Because, you know, humans are morons.

There are three stories about the euro crisis: the Republican story, the German story, and the truth. -- Paul Krugman

by Carrie (migeru at eurotrib dot com) on Sat Mar 17th, 2012 at 07:41:39 PM EST
[ Parent ]
Maastricht embedded Germany's strong money ideology - one we had to live with already anyway - not the anti-tax anti-government one.

It's not because today's ideologically acceptable 'solution' to public deficits is to cut taxes and cut social services even more that this is what the Euro treaties say. Nothing in the euro treaties prevents you from increasing corporate tax, income tax or whatever else - only corporate lobbying and ideological trends.

Wind power

by Jerome a Paris (etg@eurotrib.com) on Sat Mar 17th, 2012 at 07:47:02 PM EST
[ Parent ]
Maastricht embedded Germany's strong money ideology - one we had to live with already anyway - not the anti-tax anti-government one.

What? This was in Maastricht already:

Overdraft facilities or any other type of credit facility with the European Central Bank or with the central banks of the Member States (hereinafter referred to as `national central banks') in favour of Union institutions, bodies, offices or agencies, central governments, regional, local or other public authorities, other bodies governed by public law, or public undertakings of Member States shall be prohibited, as shall the purchase directly from them by the European Central Bank or national central banks of debt instruments.
That is German anti-government ideology.

There are three stories about the euro crisis: the Republican story, the German story, and the truth. -- Paul Krugman
by Carrie (migeru at eurotrib dot com) on Sat Mar 17th, 2012 at 07:48:38 PM EST
[ Parent ]
Nothing in the euro treaties prevents you from increasing corporate tax, income tax or whatever else - only corporate lobbying and ideological trends.

If debt is above 60% GDP and deficits would have to exceed 3%, then it is actually Maastricht that forces you to settle on increasing taxes in the middle of a recession. And increasing taxes in a deep balance-sheet recession is wrong. Therefore, the Maastricht Treaty forces us to take wrong macroeconomic policy decisions by outlawing certain options.

See Is Keynesianism now a thoughtcrime? and also Fiscal rules going mad ....

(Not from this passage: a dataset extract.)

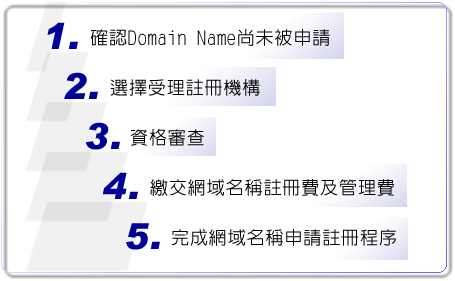 依照各受理註冊機構的頁面輸入各種資料申請。大致的順序如下:

There are three stories about the euro crisis: the Republican story, the German story, and the truth. -- Paul Krugman

by Carrie (migeru at eurotrib dot com) on Sat Mar 17th, 2012 at 07:56:27 PM EST
[ Parent ]
Maastricht embedded Germany's strong money ideology - one we had to live with already anyway

"We" being limited to countries who are sentimentally attached to a particular D-Mark exchange rate.

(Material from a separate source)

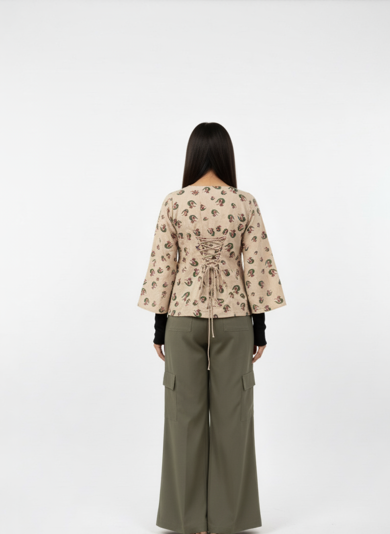 Our ethical fashion ensemble is perfect for conscious shoppers looking for stylish alternatives to fast fashion. Enjoy premium comfort with toxin-free materials and artisanal detailing, designed for versatility from casual outings to festive events. The olive green pants feature utility pockets for convenient functionality, supporting an active lifestyle while staying chic.

Prior to entering the Euro, Greece, Spain and Italy did not share such silly superstitions.

- Jake

Friends come and go. Enemies accumulate.

by JakeS (JangoSierra 'at' gmail 'dot' com) on Sat Mar 17th, 2012 at 09:28:42 PM EST
[ Parent ]
Germany seems convinced hard-money policies will produce the same sort of soft landing it enjoyed (alone in the world) after the Panic of 1873 provided it can find someone to land on.  Listen up, Greece, no luxury taxes on those Beemers you import.  I wonder when Germany will remember that it got through that period so smoothly due to the huge stimulus program it implemented to build public infrastructure.
by rifek on Thu Mar 22nd, 2012 at 05:59:09 PM EST
[ Parent ]
Migeru:
that's not being a good European.

You say this often, but what evidence do you have that this in fact motivates governments?

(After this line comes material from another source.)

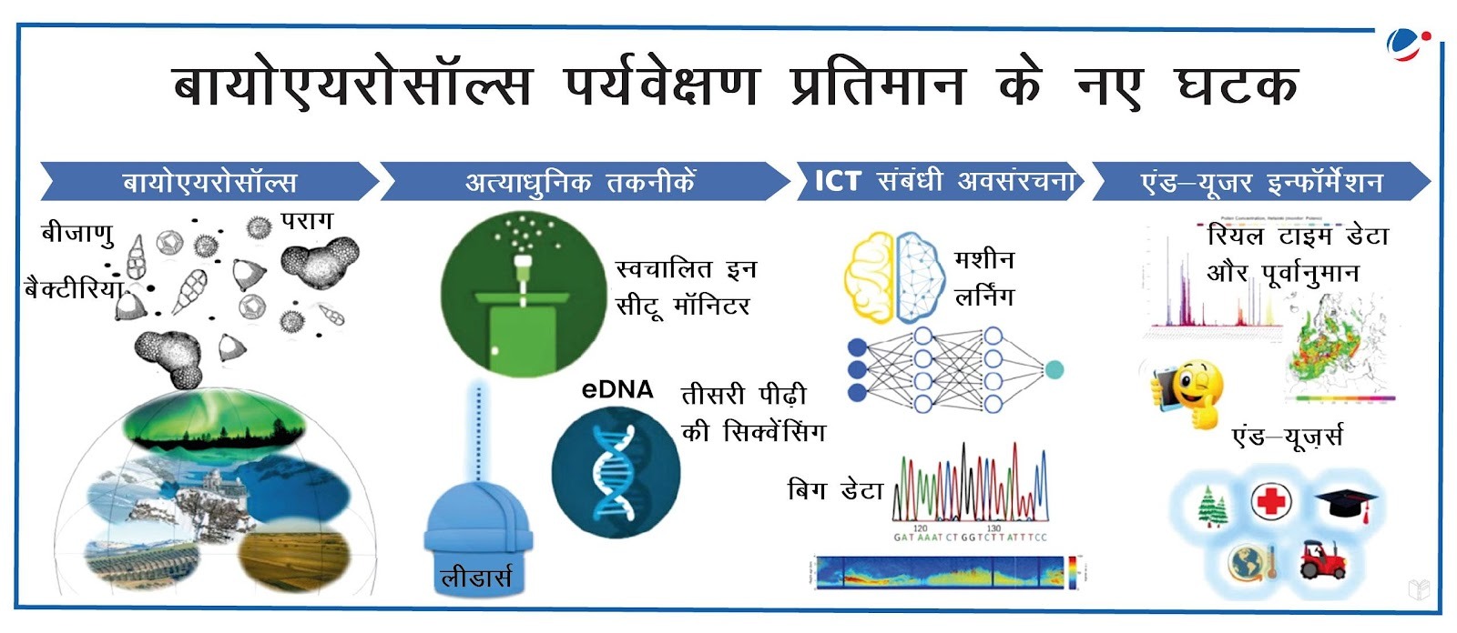 - बायोएयरोसॉल्स पर्यवेक्षण संबंधी नई तकनीकें: इसमें हाई-रिज़ॉल्यूशन इमेज विश्लेषण, होलोग्राफी, मल्टी-बैंड स्कैटरमेट्री, फ्लोरोसेंस स्पेक्ट्रोमेट्री और DNA सीक्वेंसिंग के लिए नैनो तकनीक शामिल हैं।

by afew (afew(a in a circle)eurotrib_dot_com) on Sun Mar 18th, 2012 at 06:32:09 AM EST
[ Parent ]
I don't know what motivates governments, but every time it's part of the story we're told about why decisions are made.

There are three stories about the euro crisis: the Republican story, the German story, and the truth. -- Paul Krugman
by Carrie (migeru at eurotrib dot com) on Mon Mar 19th, 2012 at 05:00:16 AM EST
[ Parent ]
Your memory's much better than mine, but I don't recall reading/hearing it cited as a motivation.
by afew (afew(a in a circle)eurotrib_dot_com) on Mon Mar 19th, 2012 at 01:29:22 PM EST
[ Parent ]
How would the 40-80% cut in wages that most workers and pensioners suffer in a disorderly devaluation be any better than the current ordeal?

Easy: they would retain their jobs and the public sector would retain the ability to run social transfers and employ people.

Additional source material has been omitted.